##### DATA FOR THIS TASK

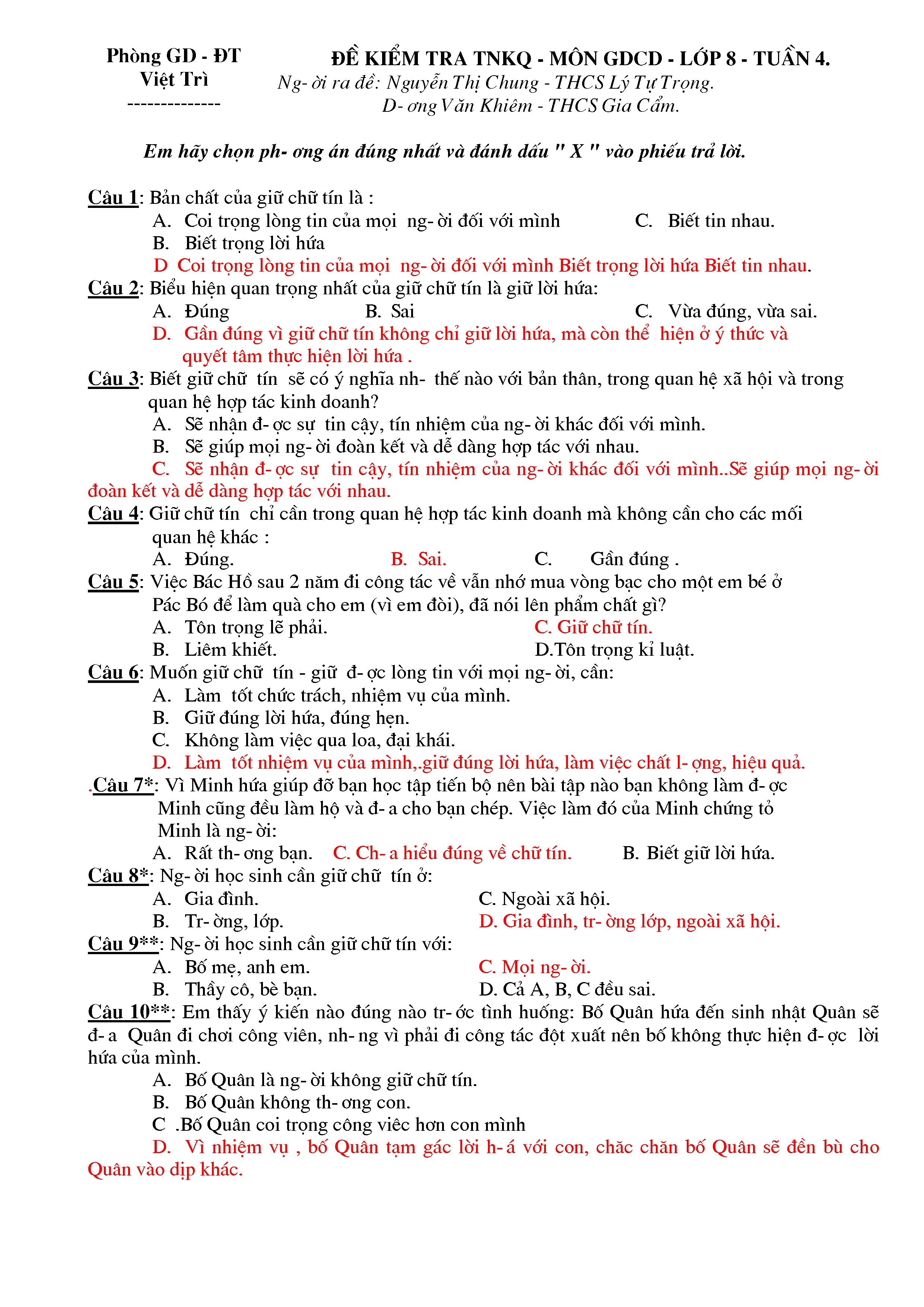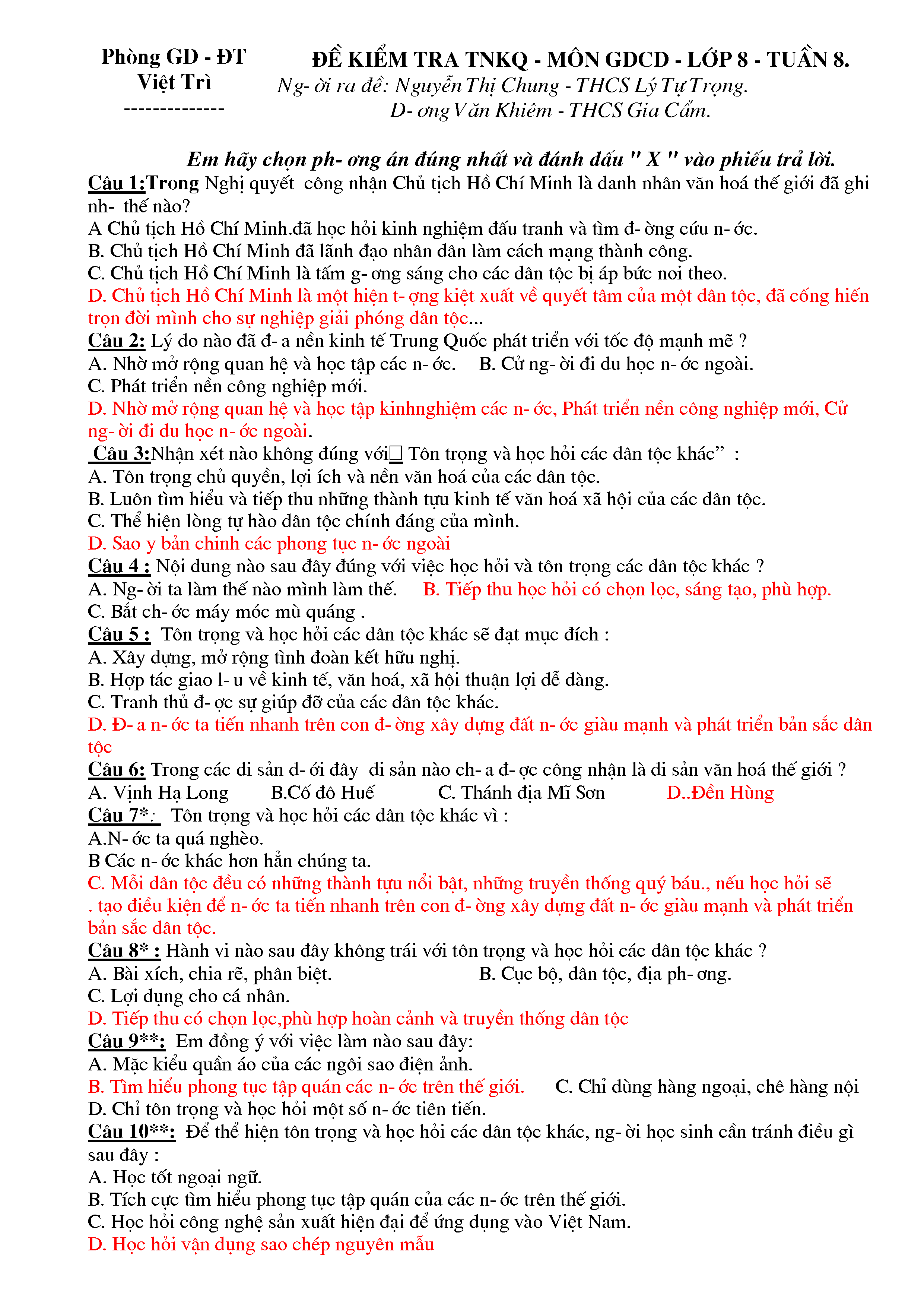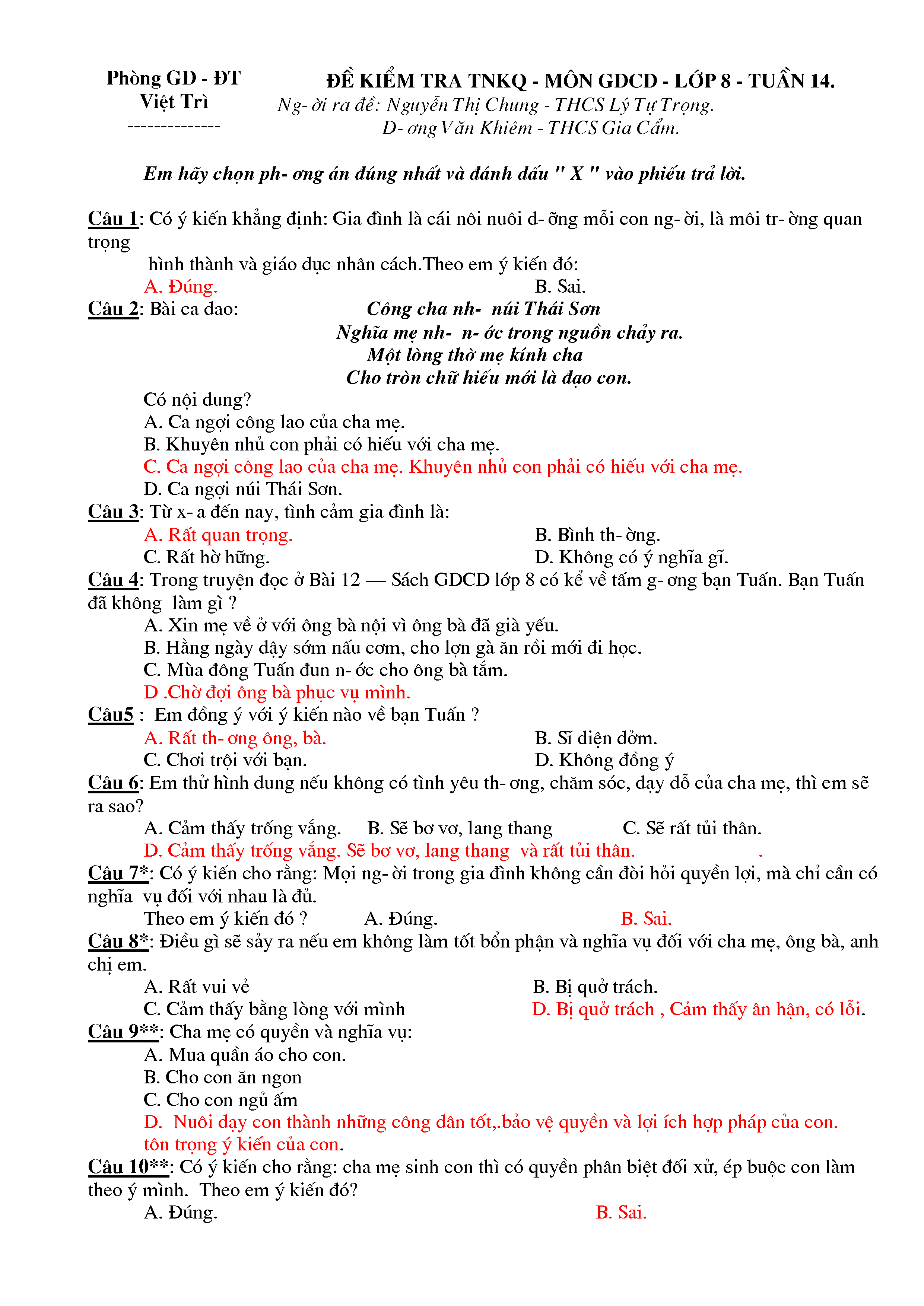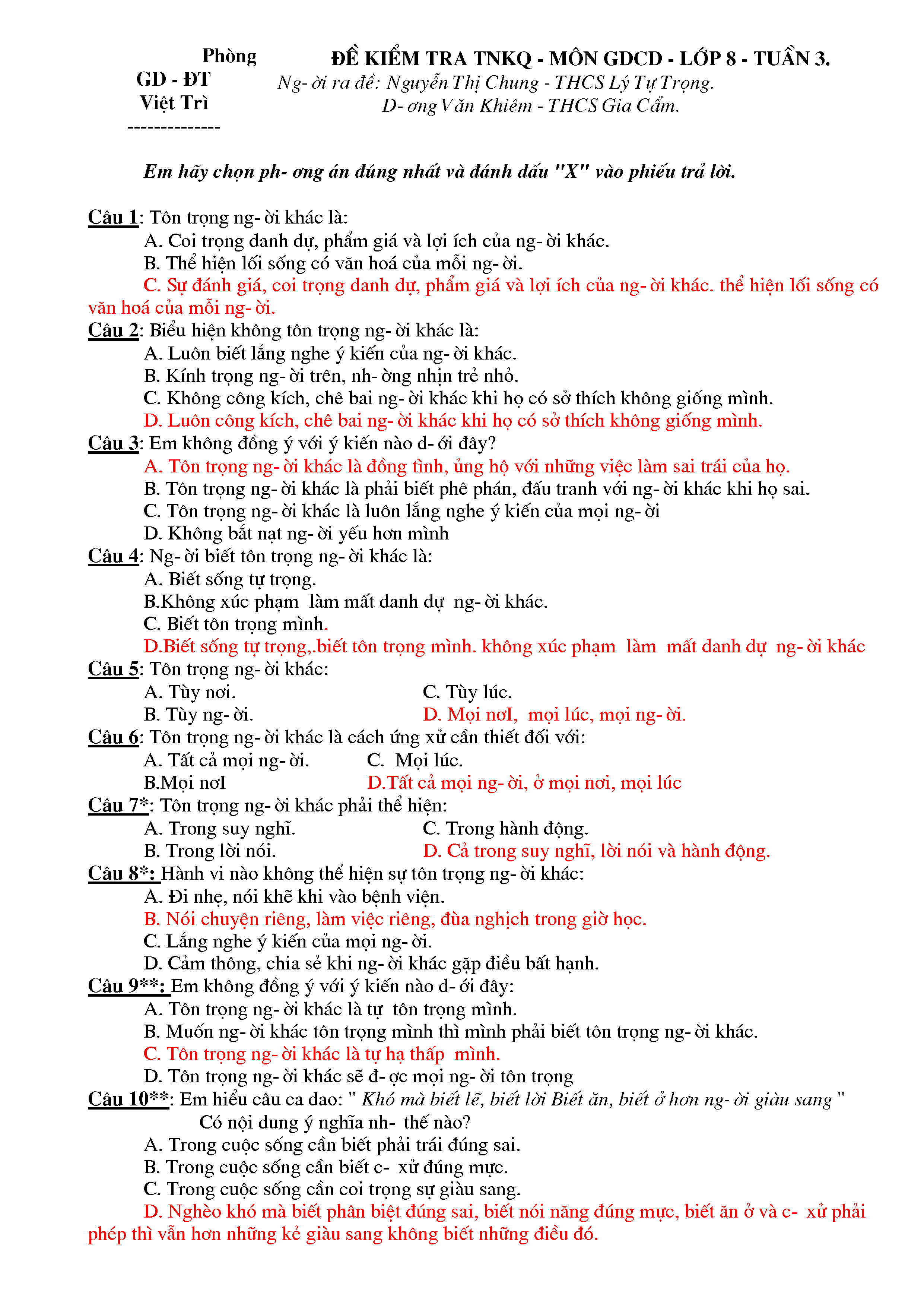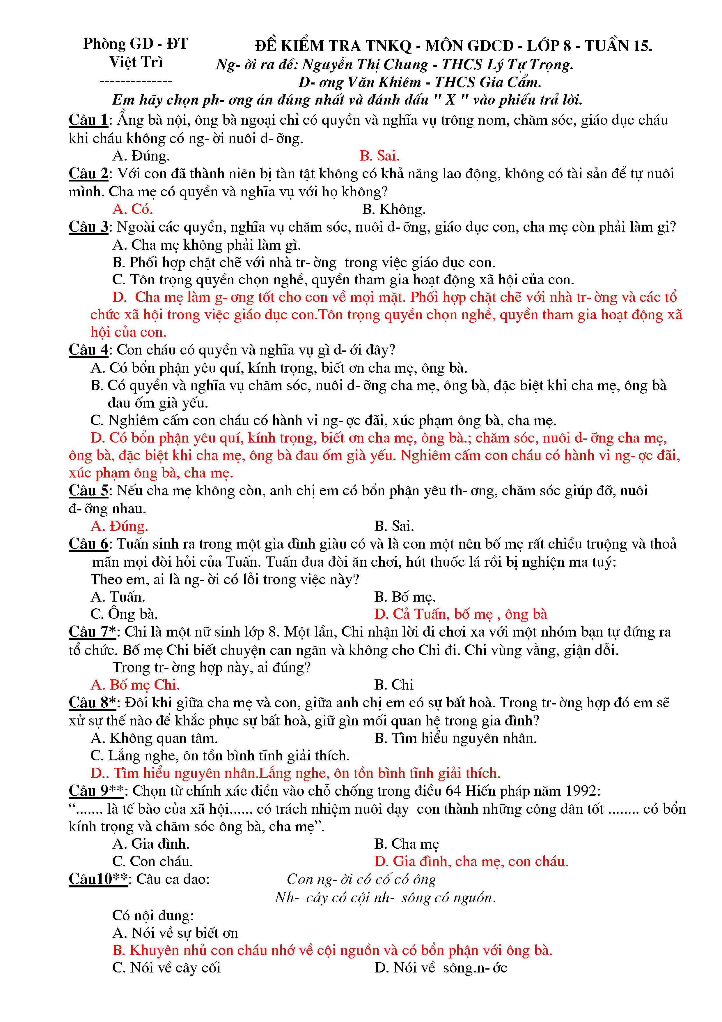 ĐỀ TRẮC NGHIỆM THEO TUẦN - PHẦN 1 - GDCD - LỚP 8
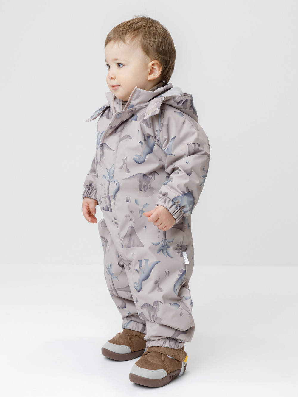 Демисезонный комбинезон ясельный с утеплителем Fellex®, 120 г/м2. Выполнен из мембранной ткани с дополнительной тефлоновой обработкой. Данный вид обработки предохраняет изделие от загрязнения и лучше отводит влагу. Подклад из 100% хлопка. Для удобного одевания комбинезон застёгивается на удлинённую молнию с защитой подбородка. Ветрозащитная планка фиксируется на липучках и кнопках. Утяжка на капюшоне с потайным стоппером. По низу рукавов и брючин, а также на спинке изделия предусмотрены эластичные резинки для лучшего прилегания. Для фиксации комбинезона используются съёмные силиконовые штрипки. В размере 74-80 есть функциональные отвороты на рукавах и брючинах. Во всех изделиях верхнего ассортимента для безопасности ребёнка предусмотрены светоотражающие элементы.
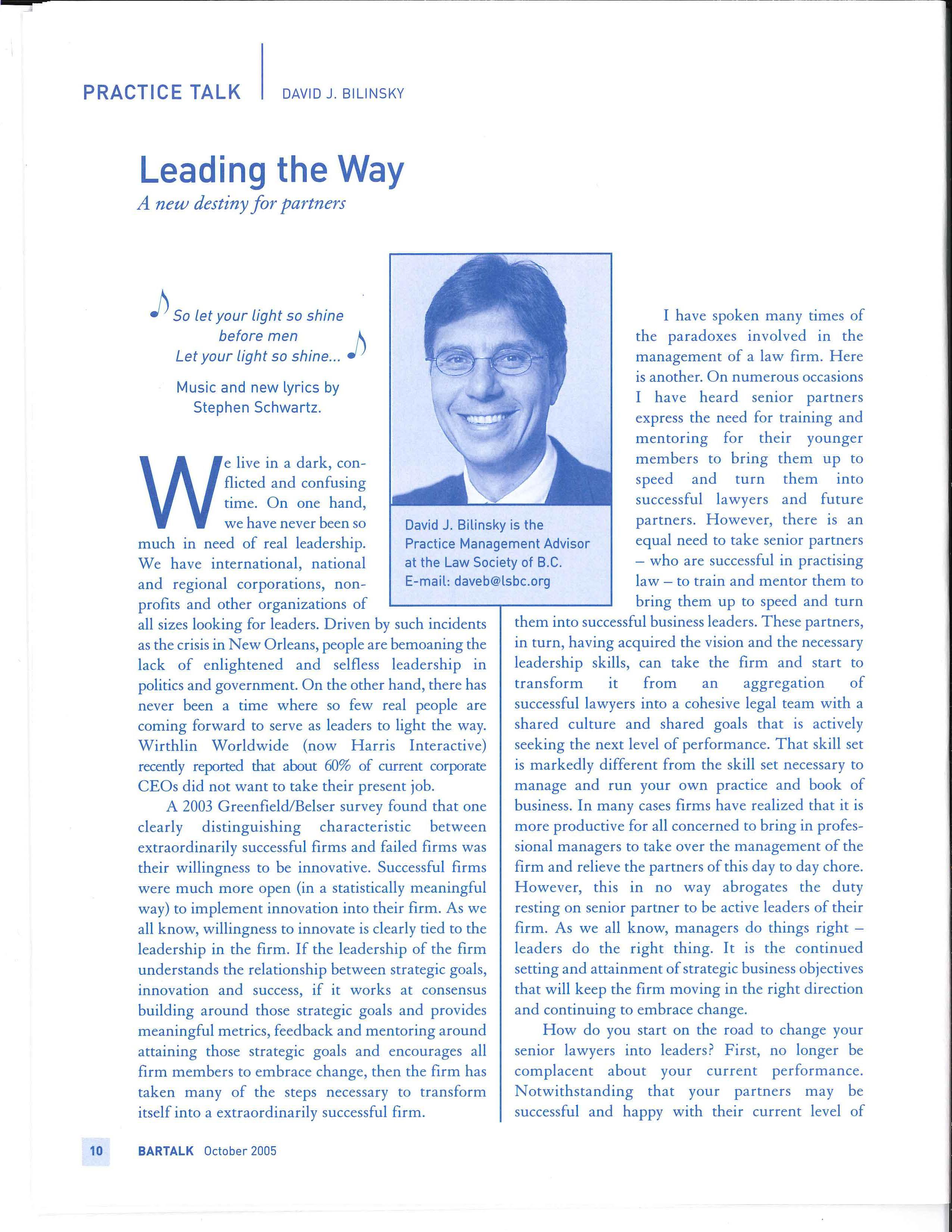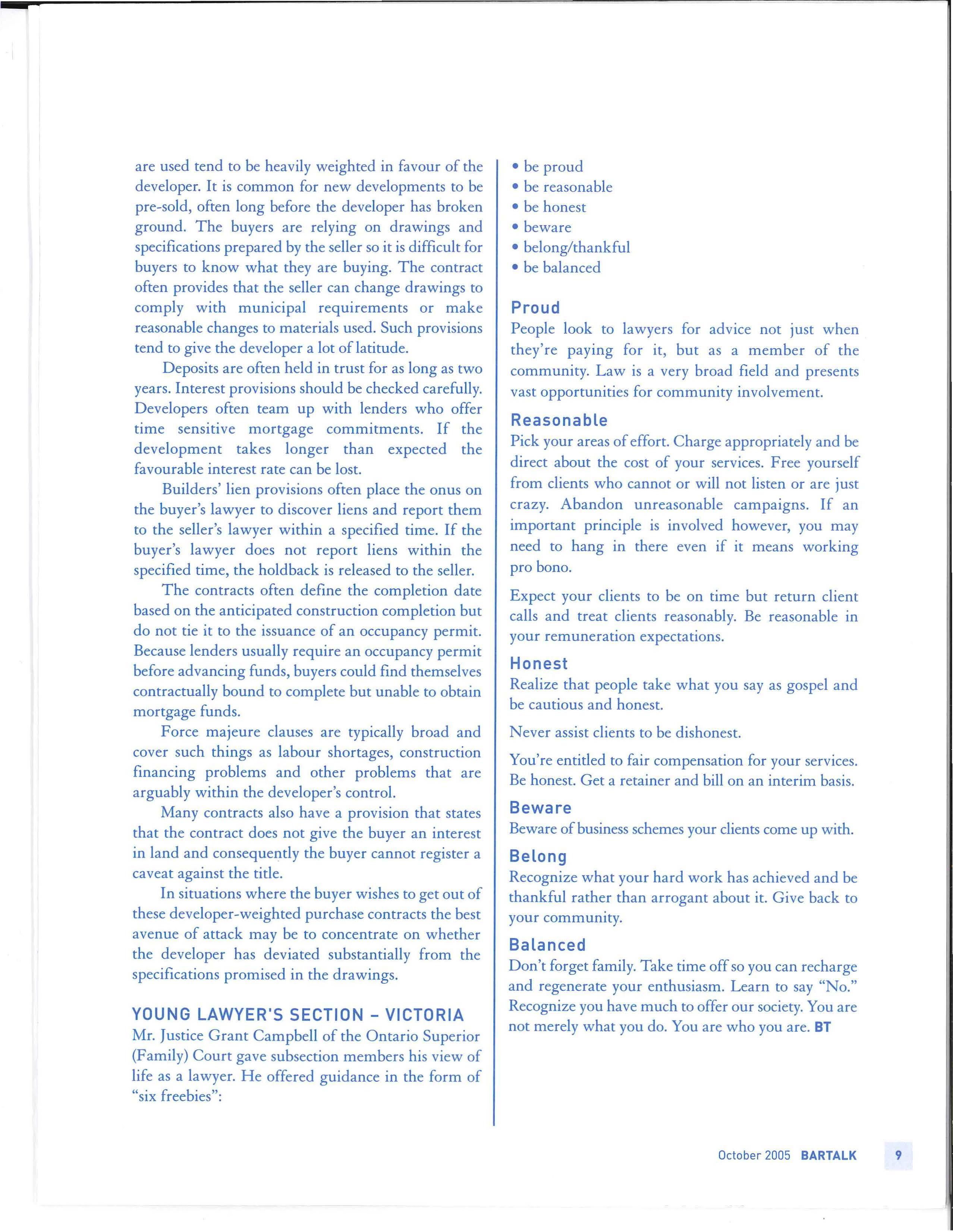 This report is an important document, not only for the CBA but also for the profession as a whole. At 65 pages it is a relatively easy read and contains a w ealth of information. It can be found at www.cba.org/futures. I commend it to you BT
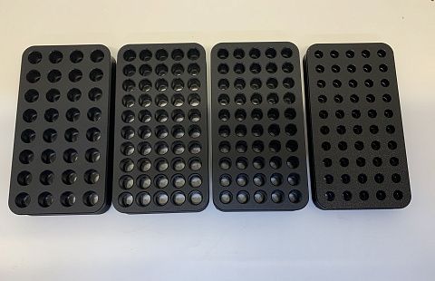 Наши подставки для гильз. Мы выполняем дополнительный этап обработки второго сквозного отверстия для прохождения горловины, позволяя саже, латунной крошке и другому мусору проваливаться вместо того, чтобы собираться на дне отверстия, как другие подставки для гильз. Это позволяет избежать беспорядка, а также защищает хрупкую фаску на роторе подставки. Наши подставки для гильз также имеют резиновые ножки, предотвращающие скольжение и позволяющие саже и мусору полностью выпасть из подставки.
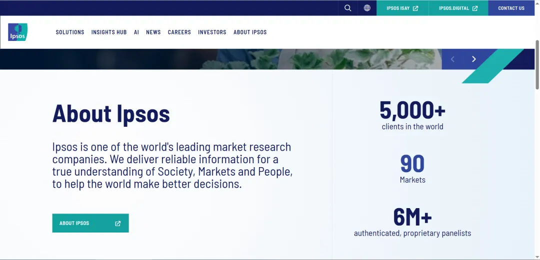 Kantar也属于市场研究平台,同样提供消费者洞察、广告效果和品牌评估的服务,Millward Brown(明略行)、TGI(目标群体指数)属旗下品牌,Kantar优势突出在广告创意测试、品牌健康度追踪等领域,并为客户提供定制化调研数据www.ipsos.com/zh-cn
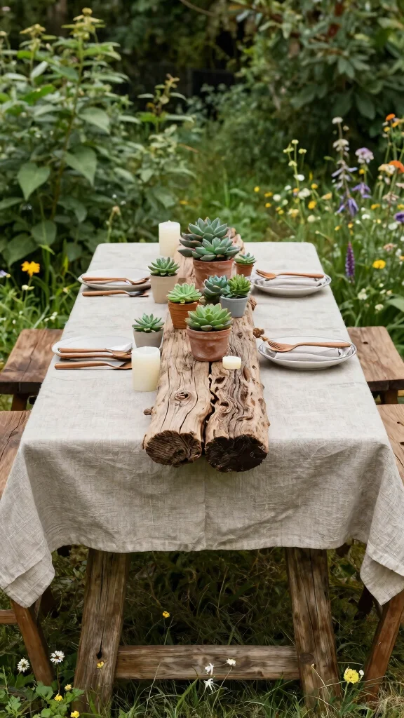 This decoration not only adds character but also enhances your outdoor dining decor. It’s a conversation starter that complements your gardening theme beautifully. Plus, finding driftwood at local beaches or parks is easy!
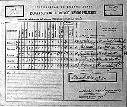 Un comentario de Mauricio en una prueba escrita en la Escuela "Carlos Pellegrini", donde estudiaba, sobre la literatura de Omar Kayyam
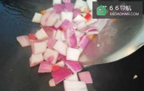 把胡萝卜,洋葱,红椒香菇都切碎丁。

##########

DIRECTIONS FOR THIS TASK »
A verbatim copy of the data, free of pictures, is the expected answer.

WRITTEN ANSWER »
 ĐỀ TRẮC NGHIỆM THEO TUẦN - PHẦN 1 - GDCD - LỚP 8
 Демисезонный комбинезон ясельный с утеплителем Fellex®, 120 г/м2. Выполнен из мембранной ткани с дополнительной тефлоновой обработкой. Данный вид обработки предохраняет изделие от загрязнения и лучше отводит влагу. Подклад из 100% хлопка. Для удобного одевания комбинезон застёгивается на удлинённую молнию с защитой подбородка. Ветрозащитная планка фиксируется на липучках и кнопках. Утяжка на капюшоне с потайным стоппером. По низу рукавов и брючин, а также на спинке изделия предусмотрены эластичные резинки для лучшего прилегания. Для фиксации комбинезона используются съёмные силиконовые штрипки. В размере 74-80 есть функциональные отвороты на рукавах и брючинах. Во всех изделиях верхнего ассортимента для безопасности ребёнка предусмотрены светоотражающие элементы.
 This report is an important document, not only for the CBA but also for the profession as a whole. At 65 pages it is a relatively easy read and contains a w ealth of information. It can be found at www.cba.org/futures. I commend it to you BT
 Наши подставки для гильз. Мы выполняем дополнительный этап обработки второго сквозного отверстия для прохождения горловины, позволяя саже, латунной крошке и другому мусору проваливаться вместо того, чтобы собираться на дне отверстия, как другие подставки для гильз. Это позволяет избежать беспорядка, а также защищает хрупкую фаску на роторе подставки. Наши подставки для гильз также имеют резиновые ножки, предотвращающие скольжение и позволяющие саже и мусору полностью выпасть из подставки.
 Kantar也属于市场研究平台,同样提供消费者洞察、广告效果和品牌评估的服务,Millward Brown(明略行)、TGI(目标群体指数)属旗下品牌,Kantar优势突出在广告创意测试、品牌健康度追踪等领域,并为客户提供定制化调研数据www.ipsos.com/zh-cn
 This decoration not only adds character but also enhances your outdoor dining decor. It’s a conversation starter that complements your gardening theme beautifully. Plus, finding driftwood at local beaches or parks is easy!
 Un comentario de Mauricio en una prueba escrita en la Escuela "Carlos Pellegrini", donde estudiaba, sobre la literatura de Omar Kayyam
 把胡萝卜,洋葱,红椒香菇都切碎丁。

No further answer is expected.